3

I'm trying to find all the attributes of the data in a nested dictionary in Python. Some objects may have multiple levels in their key definition. How can I find the header of such a complicated nested data (if we think as a table structure). Here are very few lines of my data to see how it looks like:

{"MessageType": "SALES.HOLDCREATED", "Event": {"Id": "ZWbDoMKQw6HDjFzCo8KuwpNmwofCjl7Co8OPwpDCncOSXMOdccKTZVVWZWbCnA==", "RefInfo": {"TId": {"Id": "ZMKXwpbClsOhwpNiw5E="}, "UserId": {"Id": "wpzCksKWwpbCpMKTYsKeZMKZbA=="}, "SentUtc": "2013-04-28T16:59:48.6698042", "Source": 1}, "ItemId": {"Id": 116228}, "Quantity": 1, "ExpirationDate": "2013-04-29T", "Description": null}}
{"MessageType": "SALES.SALEITEMCREATED", "Event": {"Id": "ZWbDoMKQw6HDjFzCo8KuwpNmwofCjl7Co8OPwpDCncOSXMOdccKTwp3CiFZkZMKWwpfCpMKZ", "RefInfo": {"TId": {"Id": "ZGA="}, "UserId": {"Id": "ZMKj"}, "SentUtc": "2013-01-04T", "Source": 1}, "Code": {"Code": "074108235206"}, "Sku": {"Sku": "Con CS54"}}}
{"MessageType": "SALES.SALEITEMCREATED", "Event": {"Id": "ZWbDoMKQw6HDjFzCo8KuwpNmwofCjl7Co8OPwpDCncOSXMOdccKTZcKHVsKcwpjClsKXwqTCmQ==", "RefInfo": {"TId": {"Id": "ZGA="}, "UserId": {"Id": "ZMKj"}, "SentUtc": "2013-01-04T", "Source": 1}, "Code": {"Code": "4000000021"}, "Sku": {"Sku": "NFL-Wallet-MK-2201"}}}

Since this data is in Json format first I changed the format and tried to find the key:

import json

data = []
with open("data.raw", "r") as f:
    for line in f:
        data.append(json.loads(line))

for lines in data:
    print(lines.keys())

but it gives me dict_keys(['Event', 'MessageType']) for all the lines. What I need (for this data that I attached) is a list like:

'MessageType' 'Event_Id' 'Event_RefInfo_TId_Id'  'Event_RefInfo_UserId_Id' 'Event_RefInfo_SentUtc' 'Event_RefInfo_Source' 'Event_ItemId_Id' 'Event_ItemId_Quantity' 'Event_ItemId_ExpirationDate'     ...
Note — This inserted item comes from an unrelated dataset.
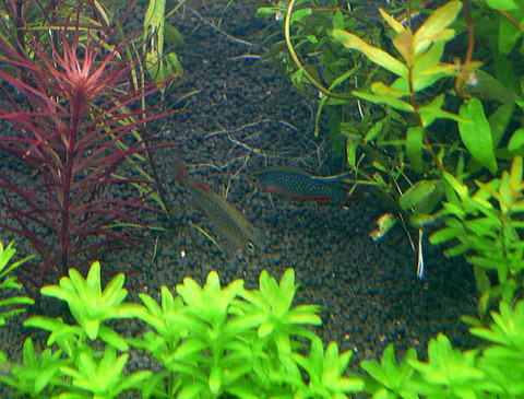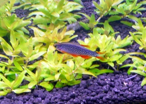 ♂は綺麗です(ソイルや水草は青味がかっていますが、ハナビは画像よりも濃いです)し、
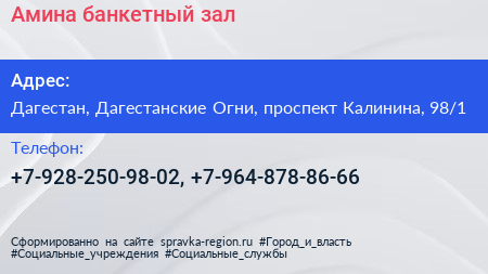 Амина, банкетный зал по адресу Дагестан, Дагестанские Огни, проспект Калинина, 98/1 в дальнейшем Организация, размещена в следующих категориях:

The data is very big and I just need to find out what attributes do I have.

Moses Koledoye
  • 77,341
  • 8
  • 133
  • 139
Mina
  • 51
  • 1
  • 1
  • 7

1 Answers1

1

You'll need to traverse the nested dicts, your current approach only gets as far as the keys of the root dictionary.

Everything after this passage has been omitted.